Źródło: "Book Review: Easy For You by Shannan Rouss" by Jack Goodstein

Dosłowne znaczenie podkreślonych słów to "pieniądze nie zawsze zmierzają w kierunku szczęścia".


Czy to jest odpowednik polskiego powiedzenia: Pieniądze nie zawsze dają szczęścia.


----------



## Ania R.

Generalnie z kontekstu tak by wynikało i na pewno taka była intencja autora, ale nie wiem na ile rozpowszechnione jest to powiedzenie.


----------



## wolfbm1

Ania R. said:


> Na przykład co ma niby oznaczać _As the philosopher was wont to say_???



Diki mi podpowada: (formalnie) jak filozof miał w zwyczaju mawiać.


----------



## aga83

Pieniądze szczęścia nie dają. 
Money can't buy happiness.
Albo
Money can't buy you happiness.


----------



## DW

Well, to straighten things out, here the "_make for_" means _(to) produce a particular effect_, here this effect is happiness.

Guess the problem is solved, right? 

Hope this helps.


----------



## Ania R.

wolfbm1 said:


> Diki mi podpowada: (formalnie) jak filozof miał w zwyczaju mawiać.

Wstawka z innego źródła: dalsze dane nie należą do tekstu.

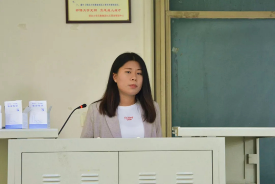 宣讲会伊始,首先上台宣讲的是院科创实践协会副主席闫博雯,她主要就暑期社会实践的含义、形式、选题等方面进行了介绍,同学们对社会实践活动有了初步的认识。紧接着,她详细的介绍了社会实践的具体流程,包括组建团队选择课题、前期答辩、媒体宣传培训、出征仪式以及后期答辩评优等。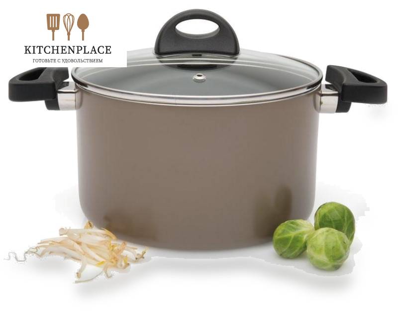 Кастрюля подходит для всех типов плит, кроме индукционных. Ручки изделия выполнены из алюминия, что обеспечивает удобство и безопасность в использовании.

Tak, tak, przypomniało mi się, że coś takiego istnieje, więc skasowałam to pytanie  Co do reszty to tak jak napisałam


----------



## wolfbm1

The DW-cum-LS-cum-RB said:


> Well, to straighten things out, here the "_make for_" means _(to) produce a particular effect_, here this effect is happiness.
> 
> Guess the problem is solved, right?
> 
> Hope this helps.


I guess 'make for' means then: stwarzać, as in "small details that make for comfort".

What makes it difficult is that 'make for' can mean 'move in the direction of' (udać się dokądś) as in "Let's make for the dining room. The dinner is ready."


----------



## Ania R.

Well, it wouldn't be the only expression in the world that has more than one meaning


----------